The up-front costs of the CAP are very real. Big subsidies for electric vehicles, charging stations, weatherizing homes, expanding wind and solar, and a big new state bureaucracy to manage it all that will have to be paid for with high taxes on things like home heating fuel, gasoline and diesel. We can put numbers to this, and they are very big numbers that will have to be paid for now and in the very near future.

But even in a best-case scenario, any savings form this “investment”, real or imaginary, won’t show up until the back end of the plan near 2050, if they show up at all. Cost estimates for implementing new government programs such as those prescribed in the CAP rarely come in under budget, and with labor, supply chain issues, and inflation in play it is a safe bet that the cost estimates put forward in the CAP are lowballs, perhaps very low.

So, when you hear advocates saying that the Climate Action Plan will “save Vermonter’s money” this is what they’re basing their claims on – a made up number attached to a fuzzy concept called the Social Cost of Carbon. Bill Murray seemed happy with his ethereal return on investment. Personally, I’d rather see actual cash.

The author is a member of the Ethan Allen Institute board of directors. He lives in Stowe.

Categories: Commentary

7 replies »

    • Whereas oil and gas are designed to enhance the well-boing of the poor – like Exxon Mobil, Chevron, the Saudi Royal family, etc.

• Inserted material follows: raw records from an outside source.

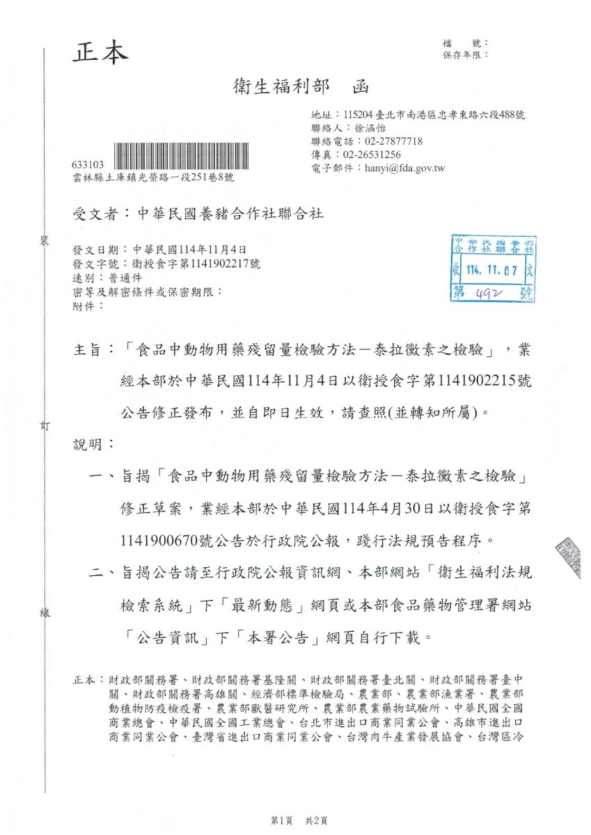 衛福部「食品中動物用藥殘留量檢驗方法-泰拉黴素之檢驗」公告修正發布
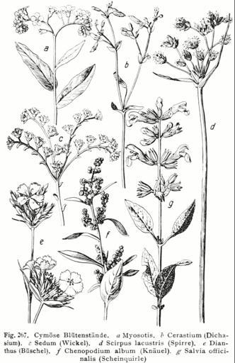 Keywords: Hegi cymose inforescences.png Abbildung 267 aus Hegi G Illustrierte Flora von Mittel-Europa S CXXXIX Bildunterschrift Fig 267 Cymöse Blütenstände a Myosotis b Cerastium Dichasium c Sedum Wickel d Scirpus lacustris Spirre e Dianthus Büschel f Chenopodium album Knäuel g Salvia officinalis Scheinquirle Figure 267 from Hegi G Illustrierte Flora von Mittel-Europa p 139 Caption Fig 267 Cymose inflorescences a Myosotis b Cerastium dichasium c Sedum scorpioid cyme d Scirpus lacustris anthela e Dianthus fasciculus f Chenopodium album glomerulus g Salvia officinalis verticillastrum Hegi Gustav 1906 Illustrierte Flora von Mittel-Europa mit besonderer Berücksichtigung von Deutschland Oesterreich und der Schweiz zum Gebrauche in den Schulen und zum Selbstunterricht Band I Pteridophyta Gymnospermae und Monocotyledones Künstlerische Leitung Gustav Dunzinger Verlag J F Lehmann München 1906 Gustav Hegi 1876 “1932 Gustav Dunzinger PD-old Hegi Illustrierte Flora von Mittel-Europa Salvia officinalis - botanical illustrations Cymes |
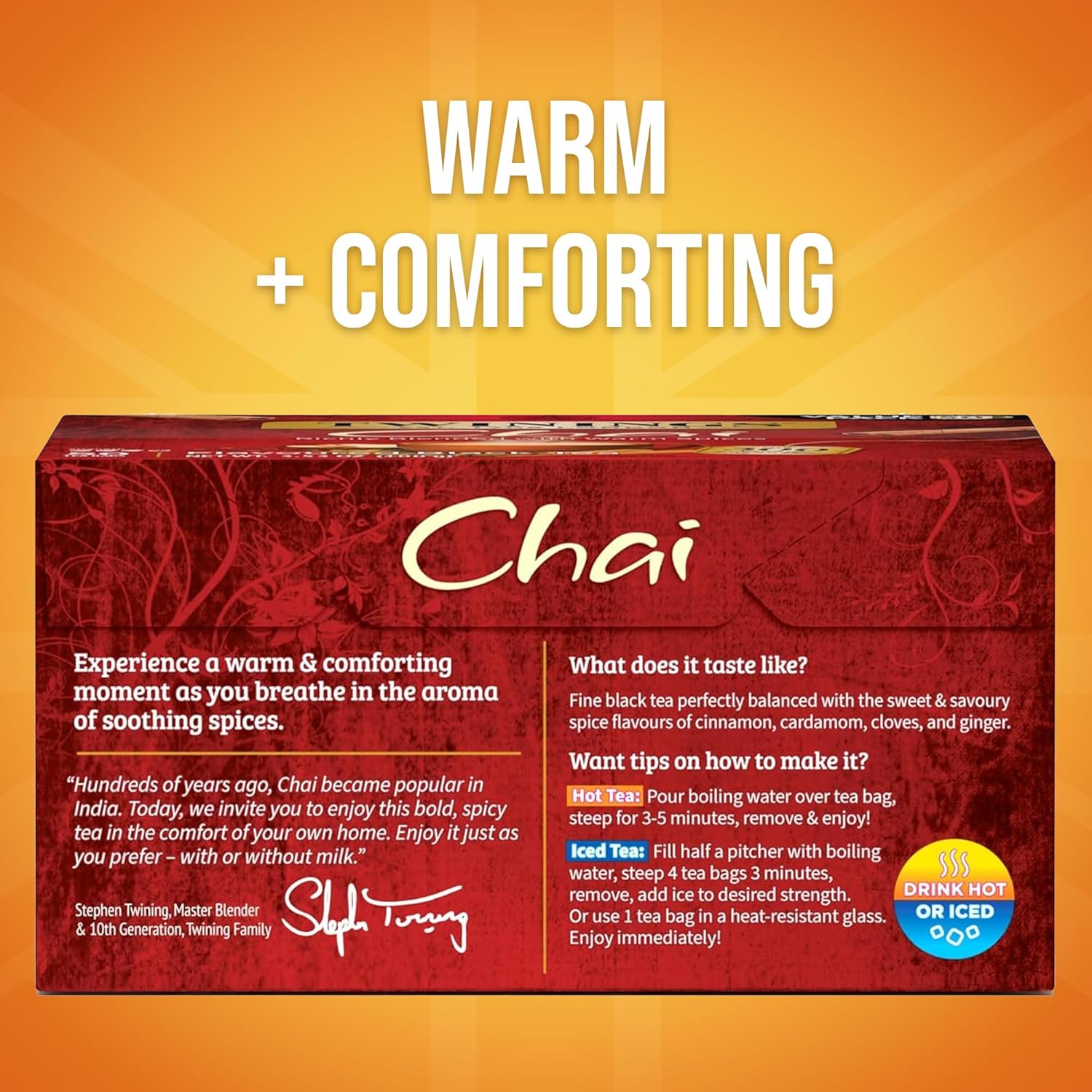 Twinings Chai Black Tea Individually Wrapped Bags, 50 Count (Pack of 6), Sweet, Savoury Spices, Caffeinated, Enjoy Hot or Iced, 300 Teabags
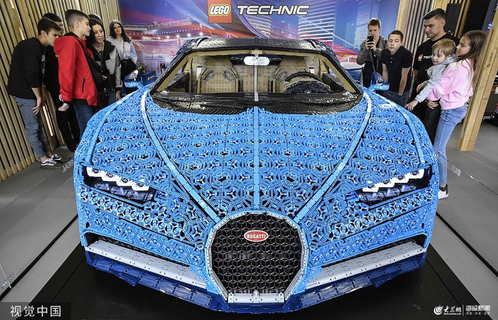 當地時間2019年7月23日,俄羅斯莫斯科,一輛由樂高積木拼成的全尺寸布加迪汽車模型在當地展出。該模型由100多萬個零件組成,重1500公斤,最高時速可達20公里。這輛汽車模型由樂高專家們花費13438個小時來設計和組裝,并且沒有用到一滴膠水。

      Good point, and I am glad to see that someone has the courage to stick up for the Saudis as they are much-maligned these days.

      • You would be riding your bicycle to work, that is if you have to work, even in winter if it wasn’t for those companies. Except, you would have an uncovered seat and no tires because plastic for the seat cover and tires use petroleum byproducts. If you are a trustfunder who moved here to save the planet, transportation and heating fuel doesn’t concern you, your virtue signaling will get you points with the climate colt. Your collection of motorcycles would sit idle with no fuel, your life would continue to be miserable and the new normal will eventually get to you too. You will eventually arrive at the Karma Cafe. You will be treated to a dish from the menu but you won’t be able to chose what it is! You don’t understand that petroleum is the energy that moves the world and supplies the products you use every day. I don’t want to live in your world and free Americans don’t have to.

      • I prefer (when pressed) to enrich the elite with the lowest bid, right now it is those you have mentioned. An electric car (which may not be chargeable during this winter’s predicted blackouts) is more environmentally damaging when ALL impacts are factored in. Solar panels may break even on your electric bill when they’re finally paid off just about the time they’re spent and need disposal…currently with no plan in place for how to do it. The manufacture (not assembly) is environmentally prohibitive in most of the developed world. The green new deal is only green for the newest breed of industrialists who stand to profit from the new mandates. Same game, different players, new era.

      • Guzziman: Your persistent citation of false dichotomies is telling. For one thing, Sukey Watson could, more likely, be referencing the nine thousand or so relatively small American businesses that extract the majority of fossil fuels in the U.S. …. those fracking for natural gas and actual oil extraction that not only make us energy independent but take power away from the world’s totalitarian culprits, China, Russia, and Saudi Arabia for example. Never mind the prospect of using our local, short-term profit sources to fund a vibrant cost-effective economy and, at the same time, the alternative energy sources other than the quixotic solar and wind industries referenced here. Hydrogen, new generation nuclear fission, even nuclear fusion. Where is consideration for Hydro Quebec’s green, sustainable, and inexpensive power available to us. These energy technologies are victim to your myopic vision. Correct me if I’m wrong – but you always seem to see the worst in everything.

  1. Look to Europe right now and see how their “green energy” is working out for them. Appears in France, Germany, Britian, et al, the citizens are ready to burn down the EU government to keep warm.